Tomaz, made wary by life experience as much as by nature—and being as the scenario itself screams of enigmatic dangers—enters the arrangement with an abundance of caution and his wartime baggage. This proves wise roughly half an hour into the movie, when Tomaz discovers an alarmingly large batlike creature in the bowl while unclogging a toilet sloshing with brackish water. It’s dead, he thinks, until it springs shrieking back to life and bites him. If it isn’t obvious that Amulet has terrible secrets up its sleeve from the moment Tomaz sets foot in Magda’s home, and it’s well past obvious, then this encounter spells out the unknown threat in bold type.

Garai’s filmmaking comprises the whole of Amulet’s treasures. For a 99-minute movie shot with a deliberate sense of pacing, the story never slackens, and even gains momentum as the plot opens up and its central macabre details are allowed to breathe.
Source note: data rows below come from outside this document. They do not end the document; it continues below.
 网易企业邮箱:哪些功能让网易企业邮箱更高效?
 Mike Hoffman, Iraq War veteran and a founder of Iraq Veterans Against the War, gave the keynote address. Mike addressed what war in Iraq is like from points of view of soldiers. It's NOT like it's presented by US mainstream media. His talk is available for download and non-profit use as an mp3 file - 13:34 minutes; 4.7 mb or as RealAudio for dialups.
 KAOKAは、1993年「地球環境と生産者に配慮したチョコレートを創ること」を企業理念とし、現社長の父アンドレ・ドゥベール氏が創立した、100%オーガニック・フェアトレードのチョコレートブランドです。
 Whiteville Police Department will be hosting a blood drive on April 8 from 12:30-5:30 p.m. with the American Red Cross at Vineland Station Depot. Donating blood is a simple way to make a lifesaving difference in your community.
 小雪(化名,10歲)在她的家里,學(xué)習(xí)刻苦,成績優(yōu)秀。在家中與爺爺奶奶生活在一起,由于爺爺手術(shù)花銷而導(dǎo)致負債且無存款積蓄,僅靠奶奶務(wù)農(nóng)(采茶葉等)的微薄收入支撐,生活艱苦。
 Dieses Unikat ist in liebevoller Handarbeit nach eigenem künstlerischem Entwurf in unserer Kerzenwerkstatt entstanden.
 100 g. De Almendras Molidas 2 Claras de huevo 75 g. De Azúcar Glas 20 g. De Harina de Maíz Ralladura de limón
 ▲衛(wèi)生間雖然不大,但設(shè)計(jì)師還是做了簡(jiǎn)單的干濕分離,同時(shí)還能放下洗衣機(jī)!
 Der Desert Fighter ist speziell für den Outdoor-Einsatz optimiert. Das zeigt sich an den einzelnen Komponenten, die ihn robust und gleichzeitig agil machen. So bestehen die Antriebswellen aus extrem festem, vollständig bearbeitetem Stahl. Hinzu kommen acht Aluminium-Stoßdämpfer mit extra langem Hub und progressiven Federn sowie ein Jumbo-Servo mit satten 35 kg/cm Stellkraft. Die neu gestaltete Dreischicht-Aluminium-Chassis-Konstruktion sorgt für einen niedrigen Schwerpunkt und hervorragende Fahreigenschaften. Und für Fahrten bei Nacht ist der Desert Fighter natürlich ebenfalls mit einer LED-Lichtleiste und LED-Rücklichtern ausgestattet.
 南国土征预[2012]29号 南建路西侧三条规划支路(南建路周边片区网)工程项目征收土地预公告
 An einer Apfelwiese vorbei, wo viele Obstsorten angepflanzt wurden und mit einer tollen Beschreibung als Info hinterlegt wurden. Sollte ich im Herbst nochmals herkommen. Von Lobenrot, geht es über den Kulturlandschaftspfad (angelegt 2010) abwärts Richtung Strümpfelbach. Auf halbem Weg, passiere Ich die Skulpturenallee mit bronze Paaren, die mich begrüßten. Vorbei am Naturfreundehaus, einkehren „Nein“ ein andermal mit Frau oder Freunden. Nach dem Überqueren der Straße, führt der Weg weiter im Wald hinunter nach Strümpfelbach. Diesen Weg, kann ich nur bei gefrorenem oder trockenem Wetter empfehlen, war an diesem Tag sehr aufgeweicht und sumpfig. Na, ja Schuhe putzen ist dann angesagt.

A good in-genre comparison to Garai’s work is Richard Shepard’s The Perfection: Where that film stumbles in the telling of the tale, it deftly recovers with some of the most insane and inventive imagery seen in most of 2018’s horror. Garai has a mind for the same style of mind-shattering ineffability, designs and creations that can only be understood through visual language (and even then, they still push back against easy understanding). The marriage she officiates between those visuals and disturbing graphic violence coats Amulet with layers of exploitation-level grease and grime, which offset the sniffy, self-regarding ambitions of the elevated horror niche.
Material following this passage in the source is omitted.